- International development
Jennifer Constantine is a PhD candidate in the Department of International Development at King’s, funded by the UK Economic and Social Research Council LISS-DTP. Her doctoral research examines the political and practical influence of Brazilian food and nutrition security policy ideas in the UK, exploring the role of different transnational actors in the travel and translation of these ideas. Previous research and policy advisory work focused on the political economy of the BRICS and other 'emerging' economies in international development and global aid architectures.
Jennifer has 15 years of professional experience in international development, spanning research, project management, consulting and policy advisory services in Europe, Latin America, and Southern Africa; working for a range of international organisations, government, academia, think-tanks, NGOs and the private sector. Jennifer completed a BA Hons in Portuguese and Brazilian Studies at King’s College London in 2004, and an MA in Development Studies at the Institute of Development Studies, University of Sussex in 2011.
Thesis title: 'Zero Hunger Britain – learning from Brazil? The role of transnational actors in UK food and nutrition security policy debates'
Jennifer’s PhD research examines the political and practical influence of Brazilian food and nutrition security policy ideas in the UK, through the actions and discourse of transnational policy actors (state and non-state), networks and coalitions. In particular, how do these actors shape these debates through their work in bi/multi-lateral development cooperation and domestic policy arenas.

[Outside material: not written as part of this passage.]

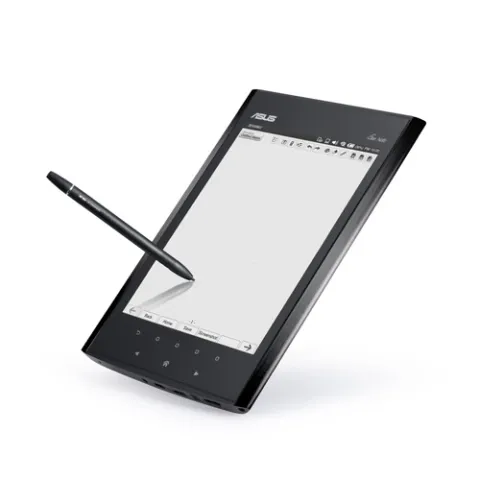 The Asus EA800 or eee NOTE is a 8 inch TFT touchscreen with a resolution of 768×1024. It features 64 levels of grayscale on the capacitive touch screen and has a DPI rate of 2540. This is primarily a grayscale device with no color at all, but it does have the best stylus interactive display we have ever seen. It features 256 degrees of pressure and the Stylus that comes with it has a bit of torque, which means the pen aspect actually has some give on it.

She is interested in understanding how these actors mobilise different concepts of food and nutrition security in different spaces (e.g. right to food versus food justice, or food democracy; or hunger versus food insecurity), and what the implications are for the development of food and nutrition security policy in the UK. Other current research avenues include the politics of the right to food in the UK and Brazil, and the governance of food and nutrition security, at the national, devolved nation and local level in the UK.